Dataset extract:
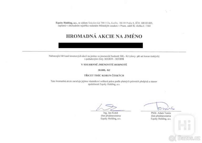 Nabízím k prodeji 60 ks listinných akcií společnosti Equity Holding, a.s. . Převod proběhne řádným rubopisem a kupní smlouvou. Předání možné osobně v Praze. V případě zájmu mě kontaktujte na spaenator.et.gmail.com
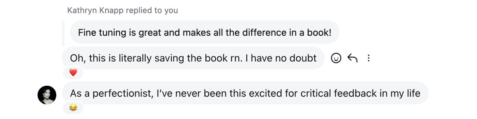 My job as your editor isn’t to rip your book to shreds. It’s to point out the places where your book could use some extra love.
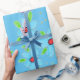 Blåblommat presentbyte med accenter i rött, bläcksvart och gröntar. Snyggt modererar alla tillfälle-presentfigursättningar. Texten i grattis på födelsedagen kan vara personlig till kostym vid ett särskilt tillfälle, eller så går det inte att ta bort texten. Den blå bakgrunden kan växlas till färg.
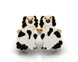 Our Staffordshire Dogs adjustable ring celebrates the ubiquitous matching pair of pottery spaniel dogs, who have stood guard on mantelpieces since the 19th century.
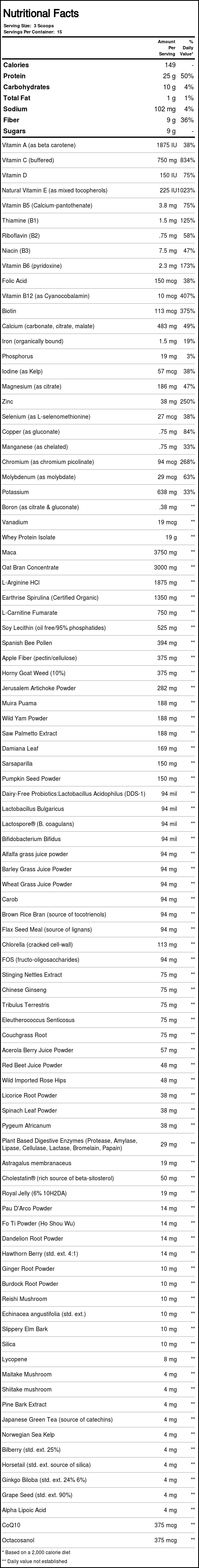 Outros ingredientes: Cenoura em Pó, couve em Pó, Tomate em Pó, Brócolis em Pó, Bioflavonóides Tangerina, Suco de Cereja em Pó, Baunilha Natural, Levulose, Maltodextrina, galactomanana, Stevia.
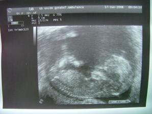 17.6. druhá poradna, hematom už není. Mimi mělo podle UTZ 13+1, podle PM 12+4. Zatím všechno v pořádku, podle vyšetření pana dr. je prý zatím mimi bez zjevných vad neslučitelných se životem, hodně živé, zamávalo mi, cucalo si palec, podrbalo se na hlavičce, dělalo kotouly, kopalo si nožičkama. Krásný zážitek, můj první.

Goal of the exercise: No image belongs in the copy. Transcribe the full listing verbatim.

Exercise response:
 Nabízím k prodeji 60 ks listinných akcií společnosti Equity Holding, a.s. . Převod proběhne řádným rubopisem a kupní smlouvou. Předání možné osobně v Praze. V případě zájmu mě kontaktujte na spaenator.et.gmail.com
 My job as your editor isn’t to rip your book to shreds. It’s to point out the places where your book could use some extra love.
 Blåblommat presentbyte med accenter i rött, bläcksvart och gröntar. Snyggt modererar alla tillfälle-presentfigursättningar. Texten i grattis på födelsedagen kan vara personlig till kostym vid ett särskilt tillfälle, eller så går det inte att ta bort texten. Den blå bakgrunden kan växlas till färg.
 Our Staffordshire Dogs adjustable ring celebrates the ubiquitous matching pair of pottery spaniel dogs, who have stood guard on mantelpieces since the 19th century.
 Outros ingredientes: Cenoura em Pó, couve em Pó, Tomate em Pó, Brócolis em Pó, Bioflavonóides Tangerina, Suco de Cereja em Pó, Baunilha Natural, Levulose, Maltodextrina, galactomanana, Stevia.
 17.6. druhá poradna, hematom už není. Mimi mělo podle UTZ 13+1, podle PM 12+4. Zatím všechno v pořádku, podle vyšetření pana dr. je prý zatím mimi bez zjevných vad neslučitelných se životem, hodně živé, zamávalo mi, cucalo si palec, podrbalo se na hlavičce, dělalo kotouly, kopalo si nožičkama. Krásný zážitek, můj první.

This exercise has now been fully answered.